On a mailinglist, someone commented that learning Chinese, especially the written language, was a lot harder than learning Hebrew.

It isn't.

Not a lot harder. Only a little harder.

Ivrit has the usual complement of letters and numbers that one would expect. There are probably one to two dozen other characters that really need to be learned in order to write. Plus cursive forms.
All in all, about fifty or sixty symbols.

In Chinese, there are 214 basic characters or building blocks. These are the characters that cannot be broken up into simpler characters.
All of them have meanings, by the way - they're not just sounds or scratches.


All characters consist of one or more building blocks (basics, also called radicals).
The simplest basics (the signifiers) are usually the ones by which you look a word up in the dictionary.
Dictionaries are arranged from simplest basic to most complex by stroke order and stroke count.

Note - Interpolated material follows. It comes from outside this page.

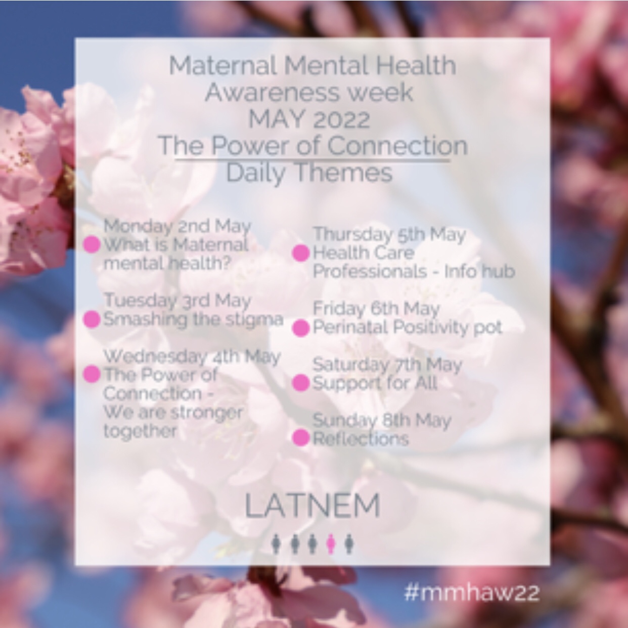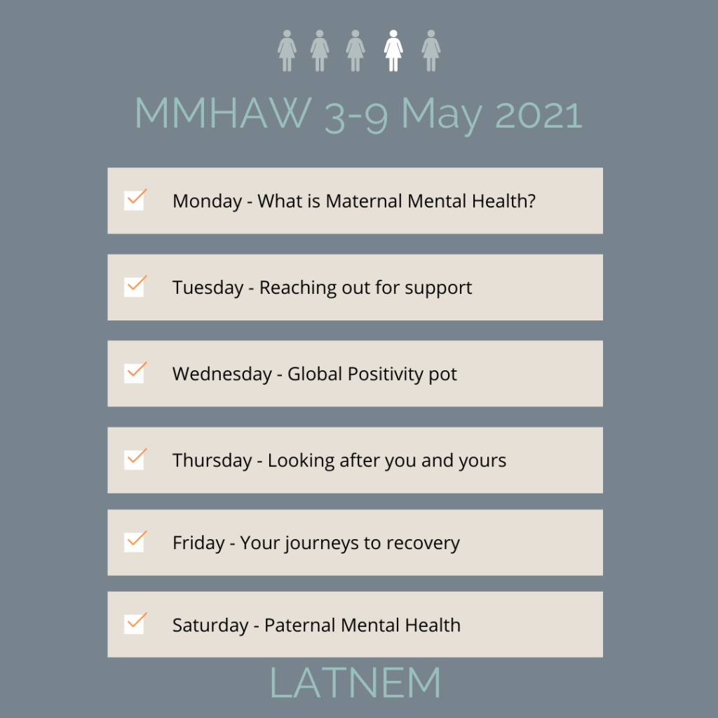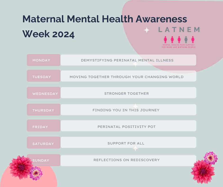 Check out the amazing Perinatal Mental Health Partnership | Facebook page and LATNEM’s social channels for lots of really good content this week.

The stroke order starts at upper right, finishes at lower left, horizontals before verticals..... plus a few more minor rules that make sense once you start writing.

[That can be seen here:
A good example is this page: which shows all the characters in that database for the ren radical (the 'basic' that means human: 人 or 亻) from simplest character (人) to most complex (儾 nàng: slow, dull; irresolute; 人 plus 22 strokes). Please go ahead and explore the Chinese-English Dictionary at your leisure: ]

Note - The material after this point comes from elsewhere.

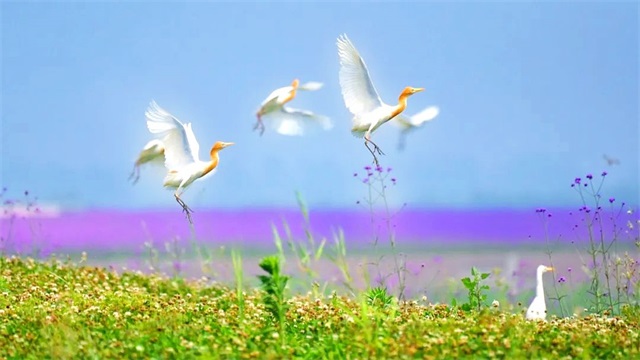 暮春渐远初夏来,最美人间五月天。走进盐城市蟒蛇河水上文化生态廊道,仿佛进入了一幅天然的唯美画卷之中。粉色的月见草、紫色的鼠尾草还有各种颜色的月季花竞相绽放,将整个蟒蛇河装扮得色彩斑斓,在阳光下尽显婀娜身姿,目之所及、绿意弥漫、繁花似锦、让人倍感惊艳。市民游客们来到这里,赏景、露营、垂钓,感受身心与大自然产生的奇妙共鸣。大家在享受优美风光、感受良好生态的同时,又能体验到当地里下河的人文气息,来一场浪漫的夏日之旅,体验盐都水乡的繁花绚美。

There are about five hundred characters which can be analysed as pictures. These include the 214 basics. All other characters are combinations, with one element (the signifier) indicating the category of meaning (金 metalic, 木 wood, 艹 plant, 豸 beast, 言 speech, etc.) and the remaining part of the character almost always being a common phonetic element.

[For instance, all species of tree have the signifier tree (木) as part. The remainder of the character will usually be a phonetic element, yielding a combination that can be analysed as the tree with the name that sounds like the phonetic element.The metals, and many things made of metal, commonly have the eight-stroke character for gold (金), the paradigm of metals, as signifier, also with a phonetic element suggesting the pronunciation. Note that the character for gold (金) is a diagram of a mine, with a pulley at the top, an upper tunnel, and a lower tunnel, in which there may be found ingots or ores.]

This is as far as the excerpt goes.